Now, Aspinall says, built-in immunity has reduced the death rate to that of a typical flu season. Over the past decade, influenza-related mortality has ranged from 5% to 13% of hospitalizations.
Big differences separate flu from COVID-19: The behavior of the coronavirus continues to puzzle health experts, and it’s unclear whether it will evolve into a flu-like seasonal pattern.
Last summer — when vaccinations first became widely available in the U.S. — the delta surged, followed last February by the arrival of omicrons, which killed 2,600 Americans a day.
Experts believe that a new variant capable of escaping the established immunity of the population may appear. And the fast-spreading omicron subtypes BA.4 and BA.5 may also contribute to variation in mortality.
“We thought we would understand it before these new subvariants appeared,” said Dr. Peter Hotes, an infectious disease specialist at Baylor College of Medicine in Texas.

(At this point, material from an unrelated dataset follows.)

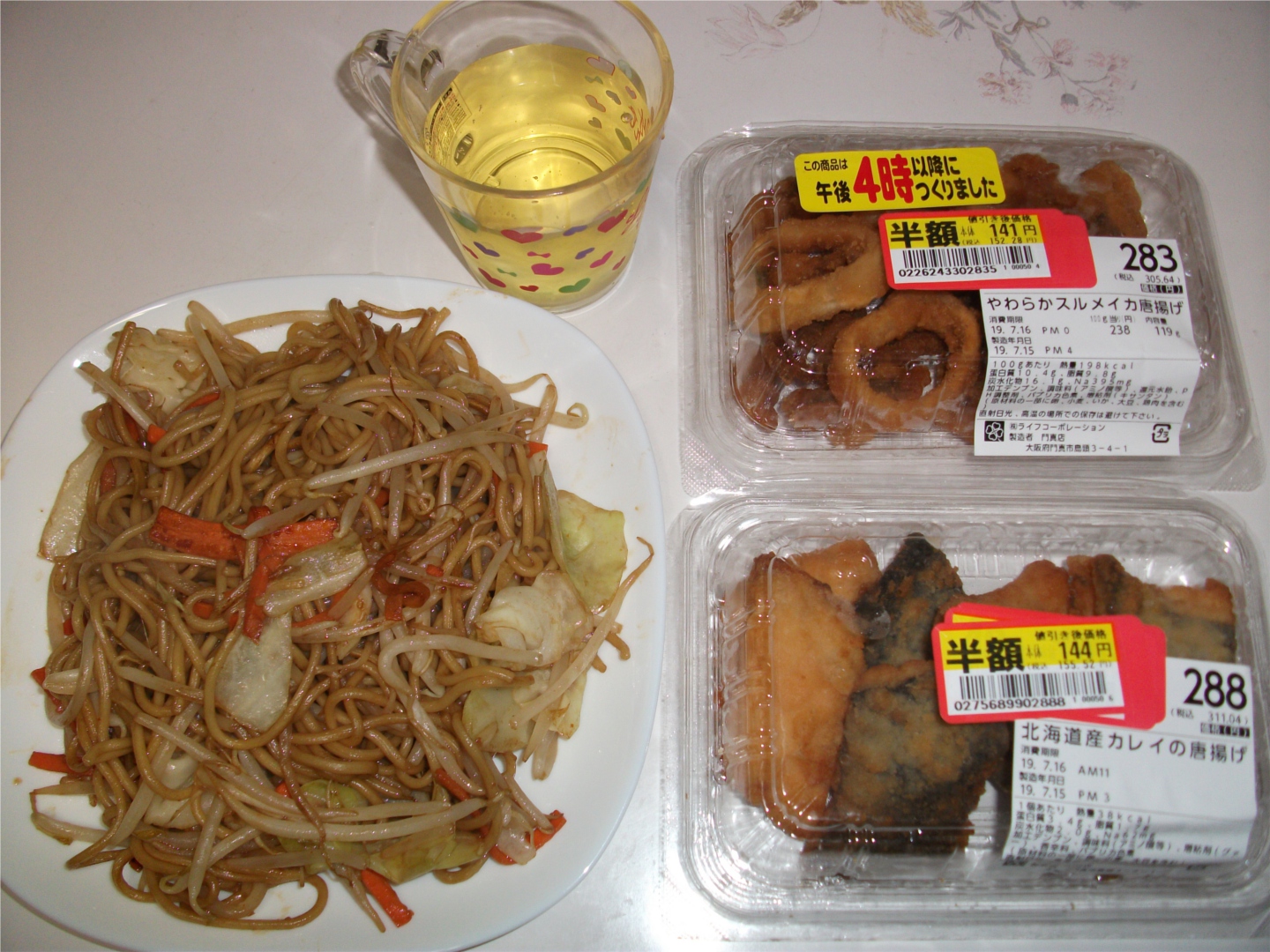 焼きそばと具も今日買った半額もの。

According to him, it is reasonable to think that a new version will come out and hit people by the end of this summer.
“Then another late fall-winter wave,” Hotes said.
Deaths are likely to increase in many states in the coming weeks, but deaths in the U.S. overall are likely to decline slightly, said Nicholas Reich, who compiles coronavirus forecasts for the Centers for Disease Control and Prevention’s Center for COVID-19 Predictions. and prevention.
“We’ve seen about 5,000 new admissions every day, up from just over 1,000 in early April. But during that same period, there was only a slight increase in deaths from COVID,” said Reich, a professor of biostatistics at the University of Massachusetts Amherst.
The risk of dying from COVID-19 in unvaccinated people is at least six times higher than in people with the first series, the CDC estimated, based on data available as of April.
Be aware of your vulnerability and those around you this summer, especially in large gatherings where the virus is spreading so quickly, Dowdy said.
“There are still people at risk,” he said.